On March 12, 2001, McClellan was elected for a fifth term and on March 19, 2001, was appointed Deputy Premier and Minister of Agriculture, Food and Rural Development. She was also the vice-chair of the Agenda and Priorities Committee and a member of the Standing Policy Committee on Agriculture and Municipal Affairs.

On November 22, 2004, McClellan was elected to her sixth, and final, term as Member of the Legislative Assembly representing the constituency of Drumheller-Stettler. In addition to Deputy Premier and Minister of Finance, she served the Assembly as Chair of the Treasury Board and vice-chair of Agenda and Priorities Committee.
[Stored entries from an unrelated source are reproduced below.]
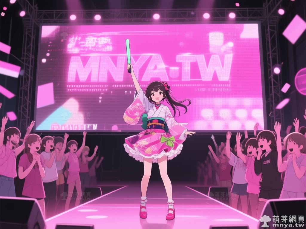 ▲ 偶像少女站上舞台,LED 螢幕上「MNYA.TW」字樣明亮清晰,粉絲應援氣氛熱烈。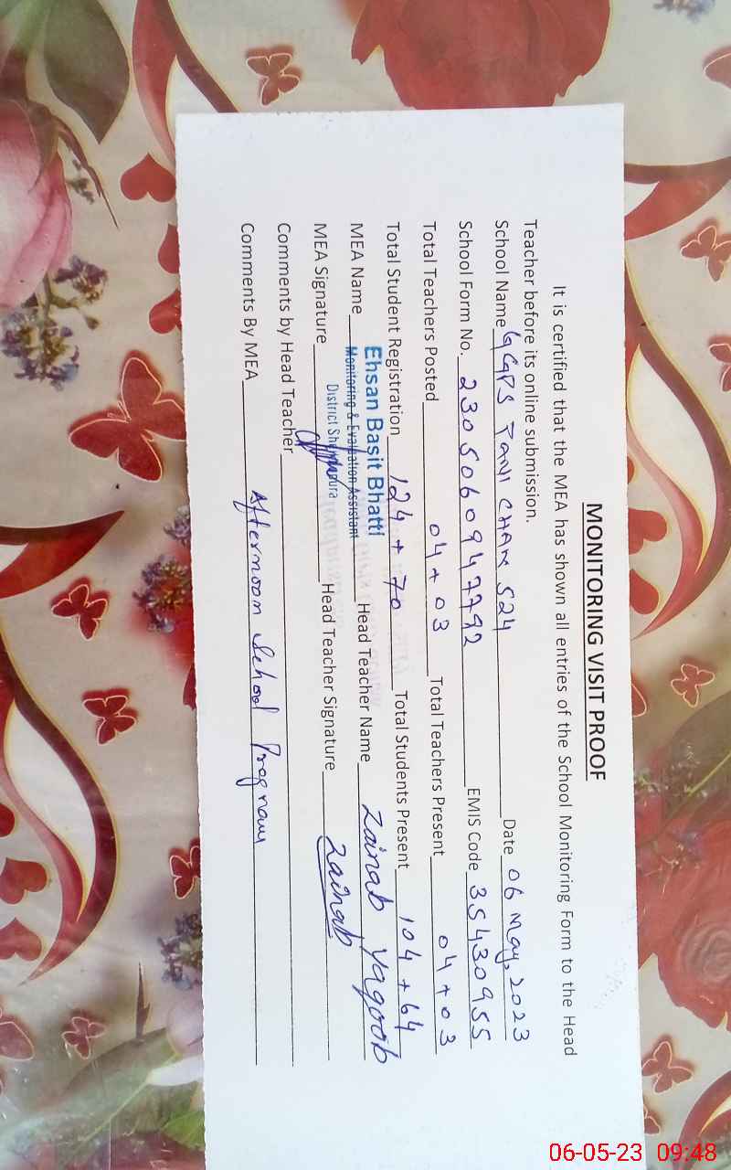 | EMIS Code: 35430955 | Name of School: GGPS TANI CHAK 524 CHACHI KOTHI | |||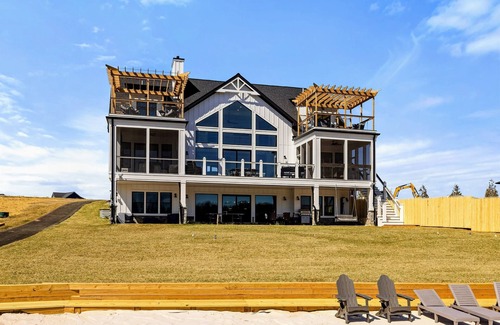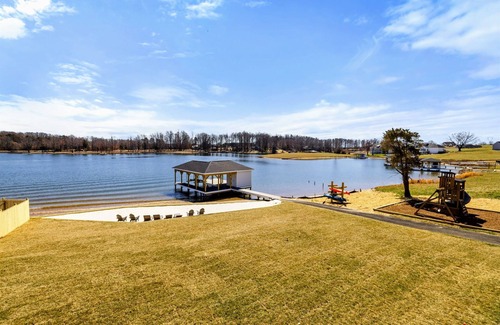 Experience comfort and luxury at our brand new modern and spacious lakefront home on the Private Side of Lake Anna. Enjoy the panoramic blue water lake views from the large boat dock, atop of our deck, or from the comfort of inside the home through many of the large windows. You will love the entire property including ~300 hundred feet of waterfront shoreline with a gently sloped naturally sandy bottom, warm freshwater, and a private beach. We provide lots of water toys including kayaks. Have a BBQ using our outdoor gas grill. Inside, this expansive home has plenty of space for everyone with 8 bedrooms and 7 bathrooms, an open floor plan and multiple living areas. Relax in the spacious main great room with water views through the huge bright windows, large French doors, a gas fireplace, and 4K Smart TV. Hang out in the huge lower level game room and have fun playing family appropriate games, ping-pong, pool (Memorial Day thru Labor Day), shuffleboard, or foosball. Watch a movie in our cozy movie theater. This is one of the few homes at Lake Anna with High Speed Internet, so you could work remotely if necessary. Alternatively, you could use the High Speed Internet and Free Wi-Fi network throughout the home to enjoy your time off and stream your favorite shows while you FaceTime everyone!
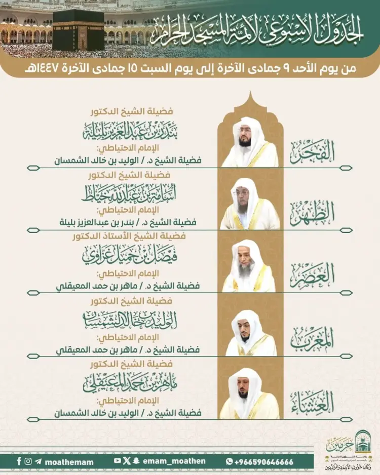 جدول أئمة الحرم المكي هذا الأسبوع من 9 إلى 15 جمادى الآخرة 1447 وقائمة المؤذنين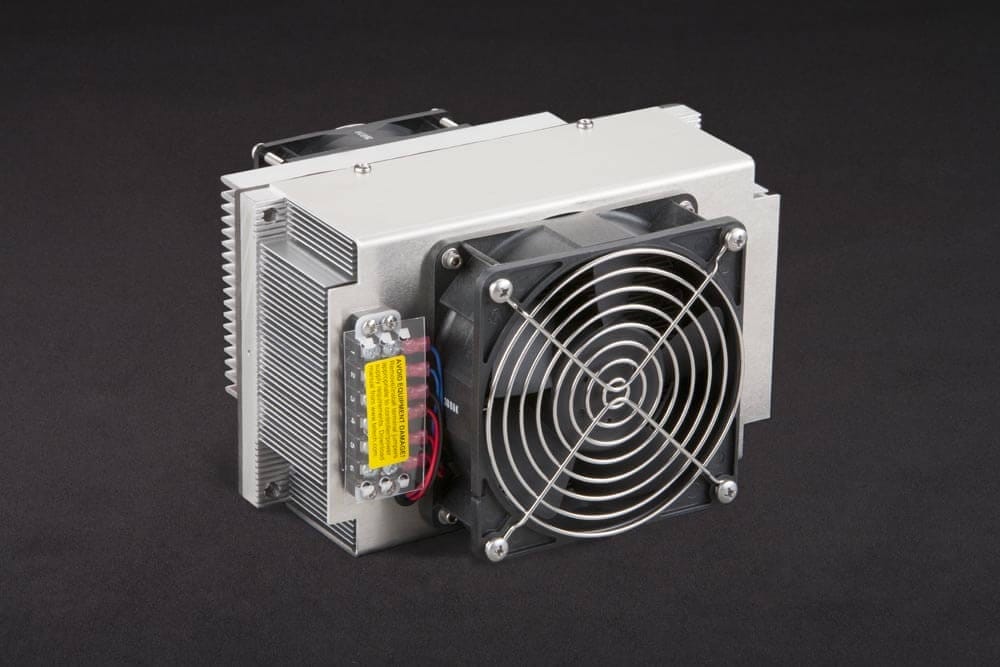 Features: This cooler is powered by 24 VDC, has a NEMA 12 rating, and can be customized to achieve NEMA 4. It uses two large thermoelectric modules and a high-density bonded-fin heat sink that provide excellent performance in a compact footprint. Can be used for heating and cooling. It is compatible with the TC-720 series, TC-36-25 series, and TC-48-20 series temperature controllers. Labeled wiring cables are included free of charge when purchasing interconnected standard products on the same order (thermoelectric cooling assembly or module, temperature controller and/or a power supply). The number of cables included (1-3 pairs) will depend on the number of components being interconnected.
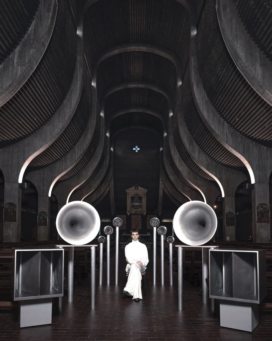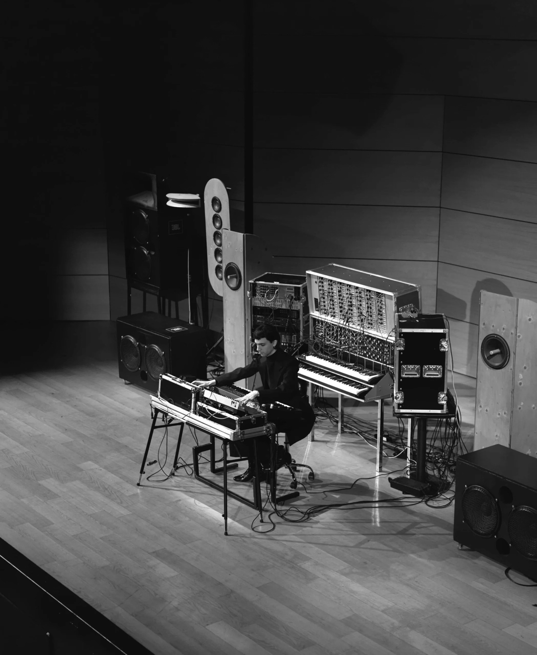 This sensitivity to site also extends beyond music. At Pitti Immagine Uomo, he created a live sonic backdrop that merged urban and natural soundscapes, accompanying choreography and photography in an exploration of how environments shape emotional perception. He also composed and performed the live soundscape for an Ann Demeulemeester Fall / Winter 2025 runway show, where his immersive approach to spatial sound became part of the brand’s atmosphere of dark romanticism, demonstrating how his practice can intersect with fashion as seamlessly as with contemporary art.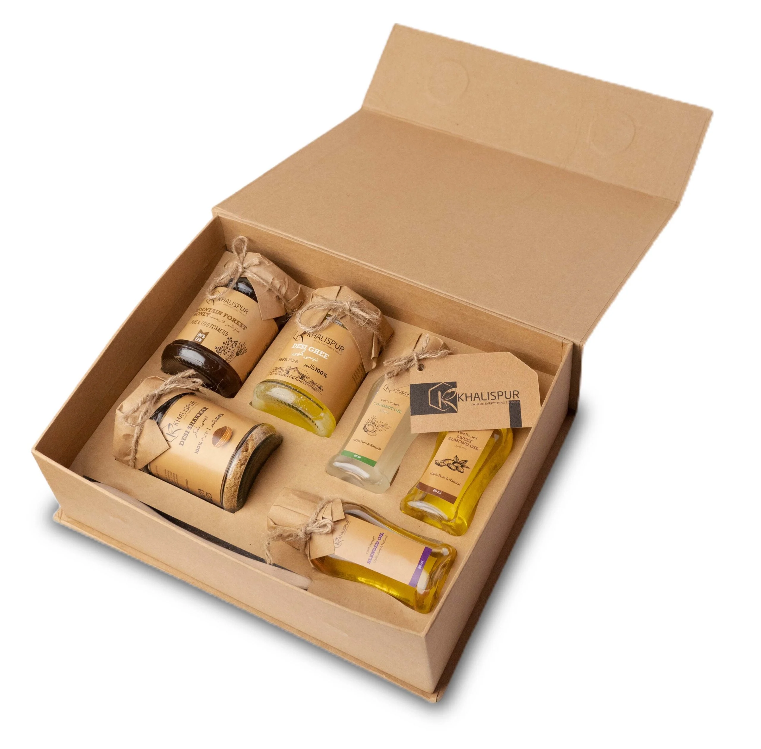 Give your loved ones the ultimate gift of health, wellness, and indulgence with Khalispur’s Classic Gift Box. Our careful selection of raw honey, cold-pressed oils, desi ghee, and desi shakkar, is the perfect way to show them how much you care. Add-ons: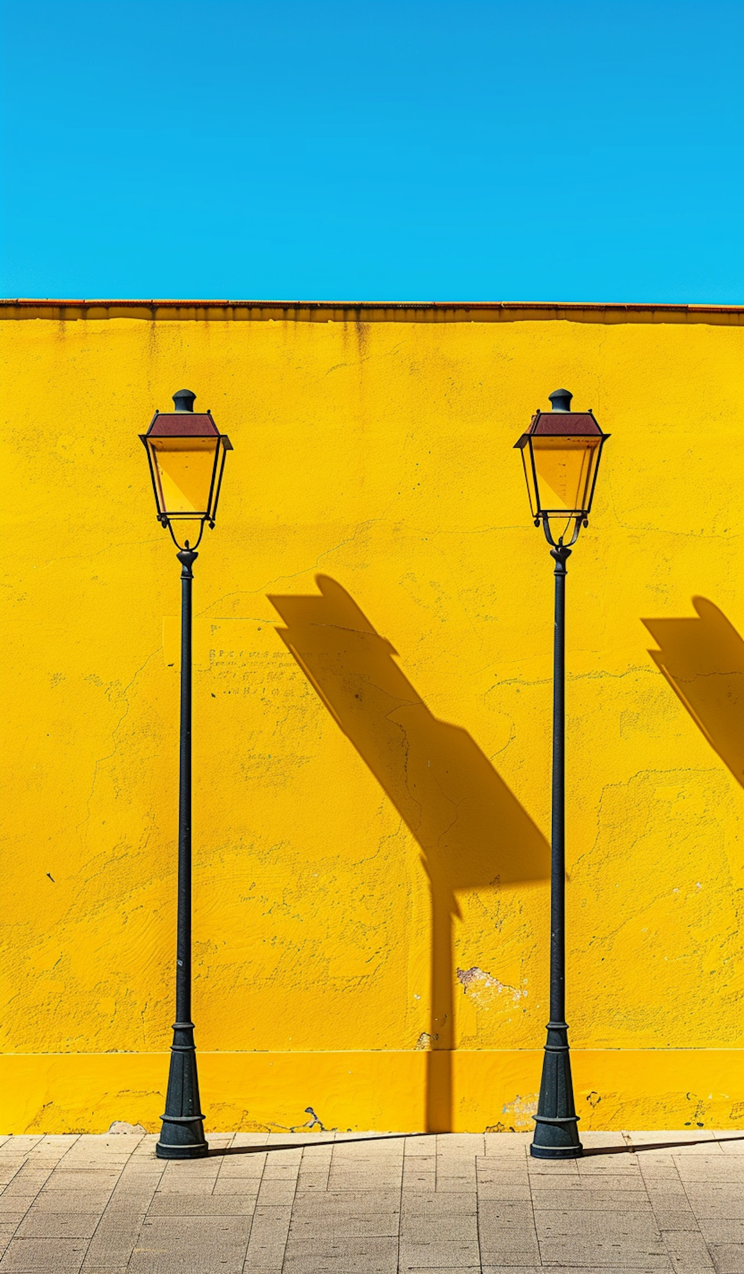 Symmetrical Street Lamps Against Vibrant Yellow Wall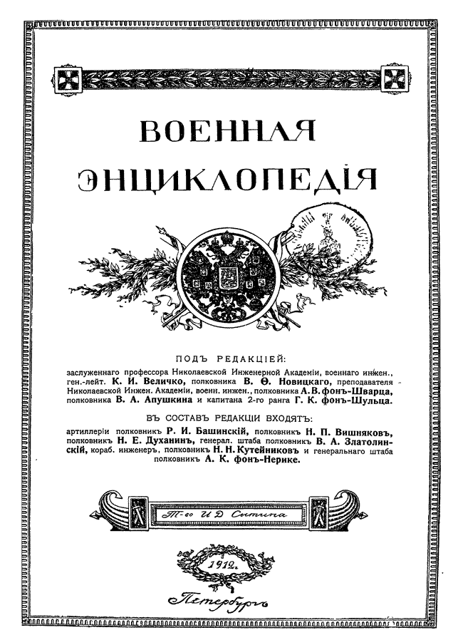 Благодаря издателю Ивану Дмитриевичу Сытину (1851-1934) энциклопедия по изяществу издания превосходила все подобные европейские издания того времени. В работе над энциклопедией принимали участие многие ведущие военные специалисты России, среди них особо выделяются генерал-майор А. Н. Апухтин, генерал-лейтенант М. М. Бородкин, генерал-майор И. И. Защук, капитан 2-го ранга П. И. Белавенец, полковник Н. М. Затворницкий, полковник П. Н. Краснов, генерал-лейтенанты А. П. Михневич, полковник А. Е. Снесарев, капитан В. К. Судравский и многие другие.

McClellan was actively involved in bringing further education to rural areas, serving as a member of the board of directors for the Alberta Association of Continuing Education (AACE) and the Canadian Association for Continuing Education (CACE). She was co-ordinator of the Big Country Further Education Council for 12 years, a representative of the Ministers Advisory Committee on Further Education for five years, and sat on the Ministers Advisory Committee on College Affairs for two years.

She resigned her seat in the legislature on January 15, 2007, the same day that former premier Ralph Klein resigned his.

On February 5, 2011, McClellan was selected to be the 12th Chancellor of the University of Lethbridge by the Senate of that institution. Her term commenced March 15, 2011.